DATASET CONTENT
%%

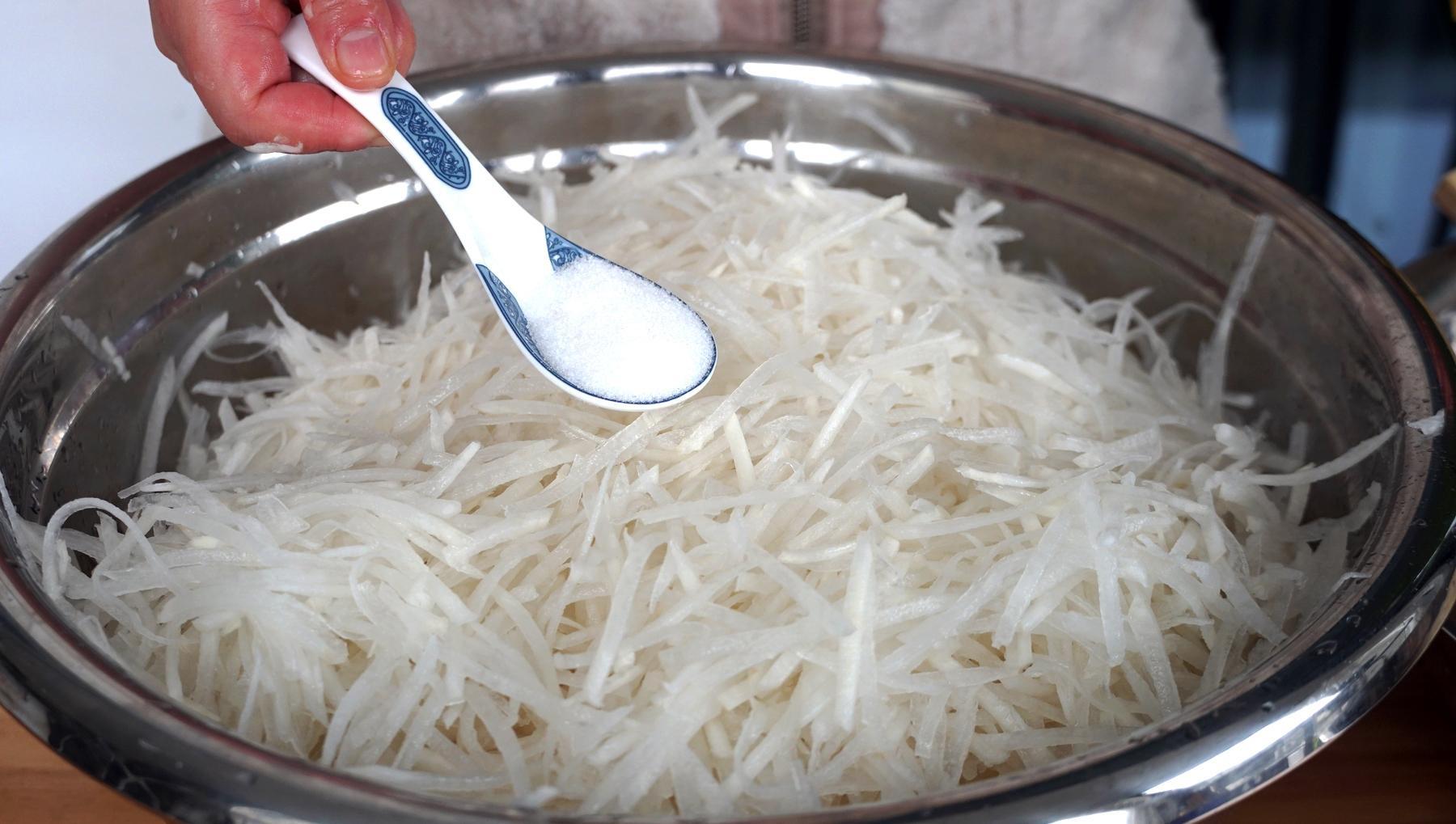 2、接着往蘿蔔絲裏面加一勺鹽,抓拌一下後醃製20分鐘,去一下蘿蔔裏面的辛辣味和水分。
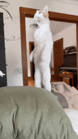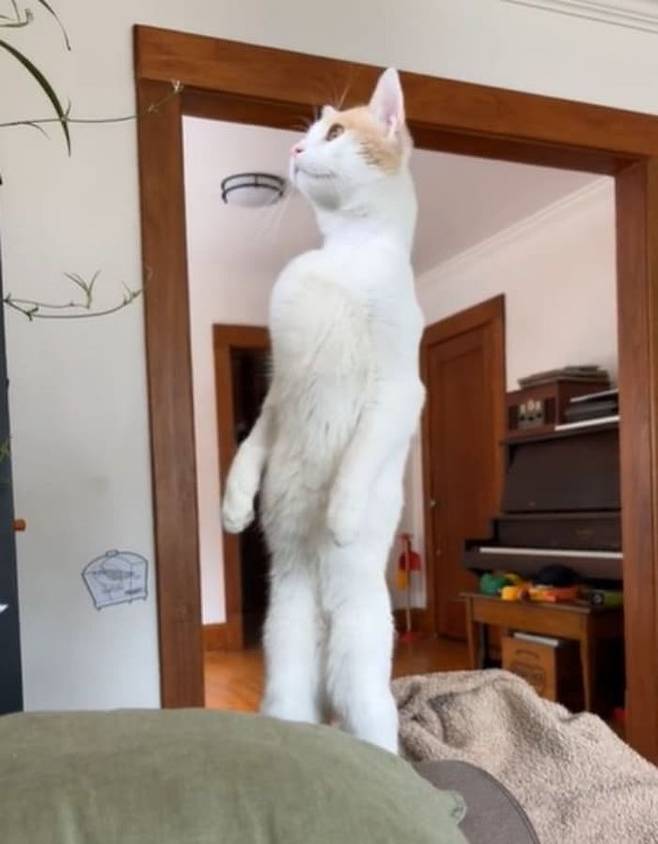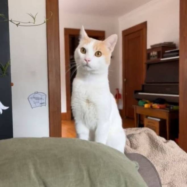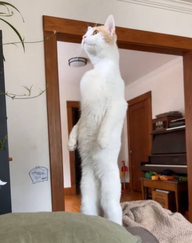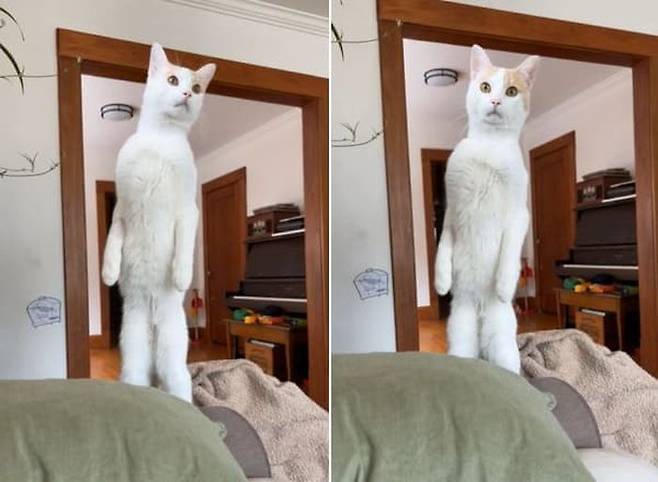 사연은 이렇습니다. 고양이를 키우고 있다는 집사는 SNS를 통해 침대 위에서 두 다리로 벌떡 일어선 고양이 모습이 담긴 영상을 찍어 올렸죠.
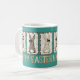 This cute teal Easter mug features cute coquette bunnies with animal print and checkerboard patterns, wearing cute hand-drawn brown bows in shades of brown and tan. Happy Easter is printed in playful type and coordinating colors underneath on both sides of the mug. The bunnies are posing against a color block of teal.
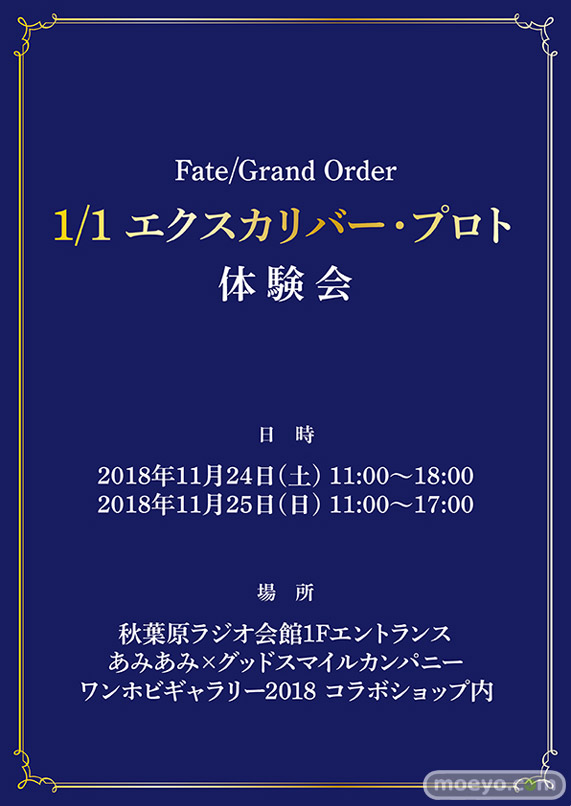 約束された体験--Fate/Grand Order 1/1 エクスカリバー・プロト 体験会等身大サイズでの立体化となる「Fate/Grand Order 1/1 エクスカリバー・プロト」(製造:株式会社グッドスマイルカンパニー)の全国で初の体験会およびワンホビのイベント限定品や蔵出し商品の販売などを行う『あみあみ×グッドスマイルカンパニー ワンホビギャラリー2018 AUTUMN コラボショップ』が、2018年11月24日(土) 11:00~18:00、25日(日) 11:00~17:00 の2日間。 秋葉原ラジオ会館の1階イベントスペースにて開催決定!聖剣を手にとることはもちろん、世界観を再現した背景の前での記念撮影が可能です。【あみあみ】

%%

PROBLEM TO WORK ON
Give back the whole listing exactly, without pictures.

ANSWER TO THIS TASK
 2、接着往蘿蔔絲裏面加一勺鹽,抓拌一下後醃製20分鐘,去一下蘿蔔裏面的辛辣味和水分。
 사연은 이렇습니다. 고양이를 키우고 있다는 집사는 SNS를 통해 침대 위에서 두 다리로 벌떡 일어선 고양이 모습이 담긴 영상을 찍어 올렸죠.
 This cute teal Easter mug features cute coquette bunnies with animal print and checkerboard patterns, wearing cute hand-drawn brown bows in shades of brown and tan. Happy Easter is printed in playful type and coordinating colors underneath on both sides of the mug. The bunnies are posing against a color block of teal.
 約束された体験--Fate/Grand Order 1/1 エクスカリバー・プロト 体験会等身大サイズでの立体化となる「Fate/Grand Order 1/1 エクスカリバー・プロト」(製造:株式会社グッドスマイルカンパニー)の全国で初の体験会およびワンホビのイベント限定品や蔵出し商品の販売などを行う『あみあみ×グッドスマイルカンパニー ワンホビギャラリー2018 AUTUMN コラボショップ』が、2018年11月24日(土) 11:00~18:00、25日(日) 11:00~17:00 の2日間。 秋葉原ラジオ会館の1階イベントスペースにて開催決定!聖剣を手にとることはもちろん、世界観を再現した背景の前での記念撮影が可能です。【あみあみ】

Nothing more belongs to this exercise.